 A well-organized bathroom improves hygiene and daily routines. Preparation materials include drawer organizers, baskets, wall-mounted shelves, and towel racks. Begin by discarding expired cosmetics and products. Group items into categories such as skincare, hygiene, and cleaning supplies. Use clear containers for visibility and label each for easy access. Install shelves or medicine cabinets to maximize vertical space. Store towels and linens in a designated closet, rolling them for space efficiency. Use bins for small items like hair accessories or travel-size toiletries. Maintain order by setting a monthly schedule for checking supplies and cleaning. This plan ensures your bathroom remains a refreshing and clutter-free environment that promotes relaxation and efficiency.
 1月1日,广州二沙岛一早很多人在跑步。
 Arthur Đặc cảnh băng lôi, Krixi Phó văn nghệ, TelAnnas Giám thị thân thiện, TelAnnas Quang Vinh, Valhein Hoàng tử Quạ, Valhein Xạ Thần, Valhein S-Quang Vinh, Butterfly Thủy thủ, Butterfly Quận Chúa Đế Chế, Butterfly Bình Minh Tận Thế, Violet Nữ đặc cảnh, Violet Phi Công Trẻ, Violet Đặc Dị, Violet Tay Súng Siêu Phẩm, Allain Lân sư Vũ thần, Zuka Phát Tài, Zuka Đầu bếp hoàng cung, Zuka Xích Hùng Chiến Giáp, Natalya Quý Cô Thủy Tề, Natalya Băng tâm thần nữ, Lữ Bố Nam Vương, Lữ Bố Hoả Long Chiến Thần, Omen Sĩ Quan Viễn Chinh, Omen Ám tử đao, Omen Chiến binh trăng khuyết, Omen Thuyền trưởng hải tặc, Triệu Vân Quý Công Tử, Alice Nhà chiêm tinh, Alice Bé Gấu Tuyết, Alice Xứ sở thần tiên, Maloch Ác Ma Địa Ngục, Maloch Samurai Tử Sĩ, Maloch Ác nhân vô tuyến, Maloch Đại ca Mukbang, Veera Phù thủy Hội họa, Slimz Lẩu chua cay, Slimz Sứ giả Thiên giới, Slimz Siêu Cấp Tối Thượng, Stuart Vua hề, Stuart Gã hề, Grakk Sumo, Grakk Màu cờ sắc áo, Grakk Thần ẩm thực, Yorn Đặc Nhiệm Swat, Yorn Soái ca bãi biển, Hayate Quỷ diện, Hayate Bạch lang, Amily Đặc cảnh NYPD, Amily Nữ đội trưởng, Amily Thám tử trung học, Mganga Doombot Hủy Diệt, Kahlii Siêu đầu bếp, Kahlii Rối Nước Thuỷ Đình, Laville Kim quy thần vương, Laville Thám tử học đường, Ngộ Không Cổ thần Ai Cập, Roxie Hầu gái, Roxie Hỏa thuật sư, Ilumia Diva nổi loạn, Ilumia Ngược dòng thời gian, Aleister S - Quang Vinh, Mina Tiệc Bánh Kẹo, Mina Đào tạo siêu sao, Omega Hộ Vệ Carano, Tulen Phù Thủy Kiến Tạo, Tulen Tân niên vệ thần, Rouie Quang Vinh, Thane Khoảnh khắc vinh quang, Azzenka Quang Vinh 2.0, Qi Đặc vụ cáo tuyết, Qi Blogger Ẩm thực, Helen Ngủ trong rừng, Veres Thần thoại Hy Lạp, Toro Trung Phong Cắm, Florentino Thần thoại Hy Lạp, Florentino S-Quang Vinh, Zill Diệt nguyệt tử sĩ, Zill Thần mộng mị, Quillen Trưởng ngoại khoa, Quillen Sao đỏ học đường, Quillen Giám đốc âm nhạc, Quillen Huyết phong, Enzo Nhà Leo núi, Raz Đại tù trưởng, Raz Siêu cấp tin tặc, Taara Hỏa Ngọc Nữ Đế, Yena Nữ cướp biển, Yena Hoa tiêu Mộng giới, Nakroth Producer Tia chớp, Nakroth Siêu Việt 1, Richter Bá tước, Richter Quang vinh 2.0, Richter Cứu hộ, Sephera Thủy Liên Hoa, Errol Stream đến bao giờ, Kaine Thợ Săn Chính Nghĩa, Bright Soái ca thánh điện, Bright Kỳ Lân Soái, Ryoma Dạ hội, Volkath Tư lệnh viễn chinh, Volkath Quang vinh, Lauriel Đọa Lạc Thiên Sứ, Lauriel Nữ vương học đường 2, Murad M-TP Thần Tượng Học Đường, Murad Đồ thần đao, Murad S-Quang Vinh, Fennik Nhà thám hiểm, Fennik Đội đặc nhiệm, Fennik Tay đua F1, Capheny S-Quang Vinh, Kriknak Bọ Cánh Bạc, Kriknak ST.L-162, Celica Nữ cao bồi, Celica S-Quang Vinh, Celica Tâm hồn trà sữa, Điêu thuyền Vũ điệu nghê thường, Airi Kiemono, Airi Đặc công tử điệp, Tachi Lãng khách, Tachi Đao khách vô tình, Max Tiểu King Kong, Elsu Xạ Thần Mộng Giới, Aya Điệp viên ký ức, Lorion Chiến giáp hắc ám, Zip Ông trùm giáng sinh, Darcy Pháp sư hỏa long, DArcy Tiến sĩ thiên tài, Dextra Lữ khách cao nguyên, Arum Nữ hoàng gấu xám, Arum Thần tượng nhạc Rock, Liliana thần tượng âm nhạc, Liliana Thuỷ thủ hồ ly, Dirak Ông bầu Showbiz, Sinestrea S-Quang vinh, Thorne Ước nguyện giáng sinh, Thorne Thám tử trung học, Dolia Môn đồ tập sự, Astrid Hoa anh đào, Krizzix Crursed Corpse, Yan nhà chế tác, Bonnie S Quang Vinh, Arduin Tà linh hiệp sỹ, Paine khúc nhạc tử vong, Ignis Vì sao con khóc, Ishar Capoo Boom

═══

**WORK TO COMPLETE**
What you return should be the lines from the start of the data through the line with "1月1日,广州二沙岛一早很多人在跑步。", quoted exactly and nothing more.

**RESPONSE AREA**
 A well-organized bathroom improves hygiene and daily routines. Preparation materials include drawer organizers, baskets, wall-mounted shelves, and towel racks. Begin by discarding expired cosmetics and products. Group items into categories such as skincare, hygiene, and cleaning supplies. Use clear containers for visibility and label each for easy access. Install shelves or medicine cabinets to maximize vertical space. Store towels and linens in a designated closet, rolling them for space efficiency. Use bins for small items like hair accessories or travel-size toiletries. Maintain order by setting a monthly schedule for checking supplies and cleaning. This plan ensures your bathroom remains a refreshing and clutter-free environment that promotes relaxation and efficiency.
 1月1日,广州二沙岛一早很多人在跑步。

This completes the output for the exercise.